« On a l’habitude que les gens…
« On a l’habitude que les gens lèvent un sourcil quand on dit où on est, raconte Léo Lamant. Puis ils arrivent ici, voient le lieu, les équipes, la façon dont tout est pensé, et là ça change complètement. » Le producteur américain confirme : « Les installations sont incroyables, les équipes parfaitement adaptées. Tourner aux États-Unis aurait coûté beaucoup plus cher. Ici, tout est centralisé et les gars sont cools. »
Cette montée en gamme doit aussi beaucoup aux relais noués avec certains producteurs français. Adrien Kamir, de la société ATCK, a notamment joué un rôle clé en mettant Piscine Club en relation avec plusieurs productions, permettant au studio libournais de décrocher ses premiers contrats d’envergure et d’accélérer son changement d’échelle.
Un outil de production ultra-pointu
Depuis janvier 2025, Piscine Club – ex-Lema Slow – a officiellement pris possession du bassin. L’ancienne piscine a été métamorphosée sans perdre son âme : le volume, la lumière, les carrelages racontent encore son passé. Mais à l’intérieur, c’est un outil de production ultra-pointu : plateau de tournage modulable, robots ultra-ralentis capables de filmer jusqu’à plusieurs milliers d’images par seconde, atelier de fabrication, fablab, espaces photo et vidéo, effets spéciaux. Tout est regroupé au même endroit.
« Notre obsession, c’est l’intégration, explique Mathieu Augé. On fabrique les décors, les machines, les accessoires, on tourne, on post-produit, tout sur place. Résultat : on gagne un temps énorme. Un tournage qui prendrait dix jours ailleurs peut être bouclé ici en deux ou trois. » Une efficacité qui se traduit aussi par des budgets plus maîtrisés, argument décisif pour les productions internationales.
Leo Lamant et Matthieu Augé se sont installés en janvier 2025 avec Lema Slow, devenu Piscine Club en avril 2025. Studio LS
Mais Piscine Club ne travaille pas uniquement pour l’étranger. Les acteurs économiques locaux sont eux aussi séduits.

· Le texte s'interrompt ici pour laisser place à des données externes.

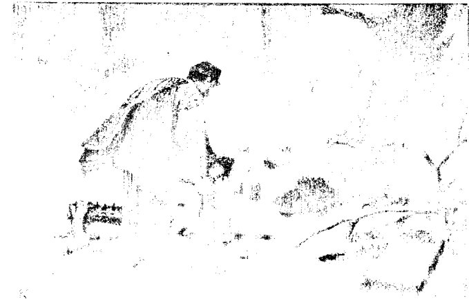
TABLE DES GRAVURES HORS TEXTE

Pour l’enseigne girondine Pépite Cookies, le studio a imaginé et fabriqué un convoyeur mécanique sur mesure, pensé spécifiquement pour les besoins du tournage. « On ne se contente pas de filmer un produit, précise Léo Lamant. On conçoit l’objet, le mouvement, la narration visuelle. On accompagne les entreprises du territoire de l’idée à l’image finale. » La Table de Pavie, à Saint-Émilion, a également fait appel au studio pour des scénographies, des contenus digitaux et des créations visuelles, mêlant gastronomie, design et storytelling.
De nouveaux investissements
Le lieu attire autant qu’il intrigue. Lors des Journées européennes du patrimoine, plusieurs centaines de visiteurs ont poussé la porte du studio. « C’était assez fort émotionnellement, se souvient Mathieu Augé. Beaucoup de Libournais nous disaient : ‘‘C’est ici que j’ai appris à nager’’. Voir cet endroit revivre autrement, ça a touché pas mal de monde. » « Au début, certains nous ont pris pour des fous, reconnaît Léo Lamant. Aujourd’hui, ils comprennent mieux ce qu’on essaie de faire. Et nous, on ne regrette rien. »
Le binôme de Piscine club cultive un mélange assumé de coolitude et d’exigence technique. Ici, pas de studios aseptisés ni d’ambiance compassée. « On travaille sérieusement, mais sans se prendre au sérieux, résume Léo Lamant. Les équipes sentent qu’elles peuvent être exigeantes tout en étant à l’aise. » Un équilibre qui séduit producteurs et réalisateurs, heureux de trouver compétence, réactivité et convivialité au même endroit… et de pouvoir aller faire un tennis juste avant de tourner.